Joining fifty thousand others in the Old Town Square it occurred to me that I perhaps wasn’t the first fearless adventurer to discover Prague. Inexplicably there were however some free tables at an outdoor café in the middle of the square. I settled into a comfortable, shaded seat and ordered a beer. The famous pilseners of the Czech Republic are… I think the scientific term is ‘fucking amazing’… so I had three.
A large, well-dressed waiter with shiny fake hair materialised from nowhere at the exact moment I waved for the bill. “Certainly sir. That will be 27 Euros”.
“Sorry, um… what?”
“That’s right sir”, said the gentleman smugly.
I wished I hadn’t quite finished my beer, so I could have choked on it in astonishment, spraying a fine pilsener mist all over his face. This was a few years ago when a Euro was still worth something and Eastern Europe was still cheap(ish). I noticed then that the menus didn’t include prices. The availability of tables at this cafe may not have been entirely inexplicable after all.
Mr Smug as a Lug in a Rug took my money and wished me a good morning. I fought my way back through the crowd, past the 37 Bohemia Crystal stores and out of the square, into the narrow alleyways of old Prague.

Applying the sort of logic and reason that comes with a three-beer breakfast I decided to try my luck once more – this time in a proper Czech pub. Soon I found a quaint little pub with a quaint little beer garden which was, aside from me, devoid of tourists. Actually there were no customers at all and inside was thick with marijuana smoke. A very relaxed looking dude appeared behind the bar.
“Smells good in here,” I said in my friendliest, most approving tone.
The young bartender stiffened. He looked me up and down, paused thoughtfully for a second, then relaxed again and gestured that I sit at the bar. He asked where I was from and where I was going, as bartenders do. I told him I was an Australian living in Korea. He seemed genuinely interested in hearing more, and poured me a delicious Czech beer… for one Euro.
I told him about my 9-Euro pints. His eyes rolled slowly but in a sympathetic kind of way. We chatted a while. I finished my beer and he immediately replaced it, waving away my attempt to pay while casually sliding an old tobacco tin across the bar. It didn’t contain tobacco. Only he and I were enjoying this particular Tuesday morning in the little pub, and he gave me a reassuring look.
“Help yourself,” he said.
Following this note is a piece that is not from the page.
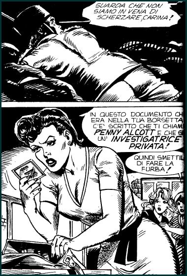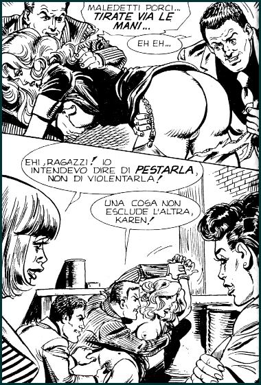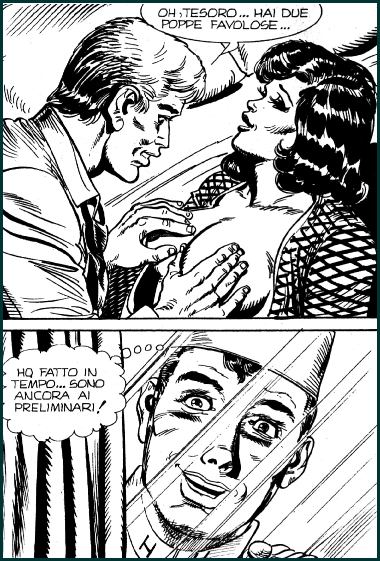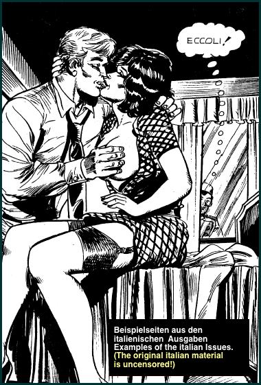 Ward L'Invisibile The Italian Fumetti series, published by Ediperiodici (the Condor label) from 1988 to 1989, was a kind of "superhero sequel series" for the team of author Carmelo Gozzo and illustrator Piercarlo Macchi, following the successful series PIG. Luciano Milano from the "Staff di if" studio was once again responsible for the ink drawings. The series was published in France almost simultaneously with the Italian original. Unfortunately, after seven adventures, it came to an end. The announced eighth issue, "Una vergine in pericolo", was published in early 1990 as a supplement to the "Segreti di donne" series. A ninth adventure, entitled "Delitto sessuale", appeared unnoticed as a supplement to the newly launched miniseries "Lucifera" at the end of 1992. The July 1989 issue of Ward L'Invisibile (#7) included a supplement called "L'amante osceno", which was illustrated by Augusto Chizzoli. However, it does not feature an adventure with Ward. In addition to the comparatively weak title of the series and Ward's "ordinary" sex-and-crime adventures, which failed to captivate readers, there were also visual "flaws" that did not do the series any favours. Piercarlo Macchi's drawings and Luciano Milano's ink drawings no longer reached the standard of the "PIG" series. It is possible that production pressure was very high, leaving the creative team with insufficient time to work on individual pages. In the series Ward L'Invisibile, readers are introduced to Ward, a hotel bellhop. Working at the elegant Garden Hotel in Los Angeles, the main protagonist can't resist stalking couples who check in, displaying true voyeuristic tendencies. Even the "accident" that renders him invisible does not change his personality. Before and after his transformation, he remains an ordinary, horny voyeur. Over the course of nine issues, there is little evidence of any character development. In the first issue, which serves as the origin story for the Invisible Ward, he crosses paths with the private investigator Penny Alcott. She is spying on hotel guests while disguised as a chambermaid. But not for her own amusement. Penny is pursuing a quartet of villains who have learned that a man named Professor Laughridge has invented a new weapon. The quartet has decided to steal it. The two female members of the quartet, Karen and Cynthia, hide the invention in a large wardrobe trunk but have no idea how it works. In order to find out, the two women send their henchmen, Murdoch and Burt, to the scientist's house. When Laughridge refuses to hand over the plans, the henchmen begin to abuse him. However, they accidentally kill him before he can reveal anything about his invention. During a scuffle between Penny and Ward, they are both forced to take shelter in the suspect's room. Unfortunately, Ward chooses the laundry basket where the experimental invention is stored, while Penny chooses a wardrobe. When Cynthia later finds Penny, she assumes that Laughridge sent her to retrieve the invention. Therefore, she must also know how to operate it. To extract this information from the private investigator without interruption, the gang decides to take her and the laundry basket to their hideout, an old shed. Karen orders her men to "interrogate" Penny as brutally as they did Laughridge. However, the henchmen declare that they want to have some fun with the victim first. Meanwhile, Ward realises that he has become invisible. After repeatedly raping Penny, the criminals decide to continue the interrogation more brutally. Then the gang's client, the ruthless Zietlow, arrives. He informs them that the invention is a prototype that emits dangerous radiation, which "explains" Ward's "spontaneous" transformation. While trying to help Penny, invisible Ward climbs out of the suitcase and manipulates Murdoch's arm, causing him to hit Karen instead of Penny. Ward continues to confuse the criminals until Karen and Cynthia find themselves caught up in a shootout with Murdoch and Burt. During the ensuing chaos, Ward unties Penny and escorts her to safety. Karen, a gang member, finally has had enough and tries to use the invention against the two henchmen. However, as it is an unstable prototype, the invention explodes, killing Karen, Cynthia, the henchmen and Zietlow, the client. (2) This first adventure brings Penny and Ward together as a team, and Ward uses his newfound ability to assist with subsequent investigations. After all, an invisible person can hide a surveillance camera at a suspect's house more quickly and efficiently than Penny ever could. However, the series is set in the mid-1980s, when cameras were still the size of a football. Consequently, every now and then, a supposedly "flying" camera is spotted on the streets of Los Angeles. Following his first adventure, Ward remains invisible. However, this life-changing fact is not explored in depth, and Ward is condemned by the author to live as Penny's henchman and notorious voyeur. An interesting Easter egg appears in the sixth adventure. It turns out that Penny is an accomplished comic book artist who draws for the horror and torture series "Oltretomba" (from Ediperiodici). While this has no real connection to the "Ward L'Invisibile" stories themselves, it is an unusual interlude in an ongoing series. Macchi worked on this series in the early 1980s. In her seventh adventure, Penny is visited by an old friend named Lisbeth. However, Lisbeth wants to blackmail Penny with a fake sex tape in order to start a business together. To achieve this, Lisbeth intends to record the tape in a private apartment. But Lisbeth didn't count on an invisible partner. Penny quickly discovers where the recording device is hidden and manipulates it. The two women and Ward have a lot of fun producing the supposed blackmail video. Later, however, Lisbeth is murdered by her crazy boyfriend, and Penny is initially suspected of being the murderer. He lies in wait for her in her office and tortures her b

So I did.
He asked me about myself some more while I carefully rolled a sticky cigarette, then offered his lighter across the bar. The morning had definitely taken a turn for the better. Then, as if an old and trusted friend, he told me to watch the bar for a few minutes while he ran an errand. The young man assured me that nobody would come in, probably, and that if they did I should just pour them a beer. Then he thanked me for my help and walked out.
So… on my first day in the Czech Republic I am entirely alone drinking a beer and smoking a joint in an abandoned pub somewhere in Prague.
‘What the fuck is going on?’ I sensibly asked myself. Was this some kind of set up? Surely not. Nobody who knew me knew where I was. Was I the unwitting star of some weird European, hidden-camera reality show? I mean, why the hell would a bartender give a perfect stranger free beers and a tin of weed, then leave? My first instinct was to run. I hadn’t finished my beer though, or my smoke, and decided to just sit there and see what the hell happened next.
Sure enough, nobody entered the bar, and ten minutes later my new friend casually strolled in and thanked me for my help. The lunchtime crowd began filling beer garden. He asked if I was hungry. I said I could probably eat. He shouted something in Czech and an attractive young woman appeared, nodded and disappeared. Another young man was now out in the beer garden, taking lunch orders and laughing heartily. The bar was still empty, more or less.
My new friend causally poured another two beers and again refused payment. He rolled another joint, gestured that I should do the same, then asked again about my earlier misfortune in the Old Town Square. I told him what I thought of that big wigged douchebag, and that I could only blame myself for falling for the tourist scam. He said price gouging was the norm in such places. I knew this. Then he opened another couple of beers and mumbled something about ‘following the rules’.
The young girl from the kitchen reappeared, smiled, placed a pizza on the bar in front of me, smiled again and left. I waited politely for my stoned friend to take a slice before taking one myself.
“No, I’ve eaten. This is for you,” he said. “But first, let me show you something”.
He led me out into the little beer garden, with its plants, water features, random pottery and shaded wooden tables. His energetic colleague was bounding from table to table, taking orders, laughing, joking and flirting with the customers. The beer garden was swelling with the lunchtime tourist crowd.
“What do you notice?” the bartender asked me.
It took me a few seconds. It was the lunchtime menu, painted in large happy letters on the wall of the beer garden. There were no prices. The bartender gave me a wink and we went back inside.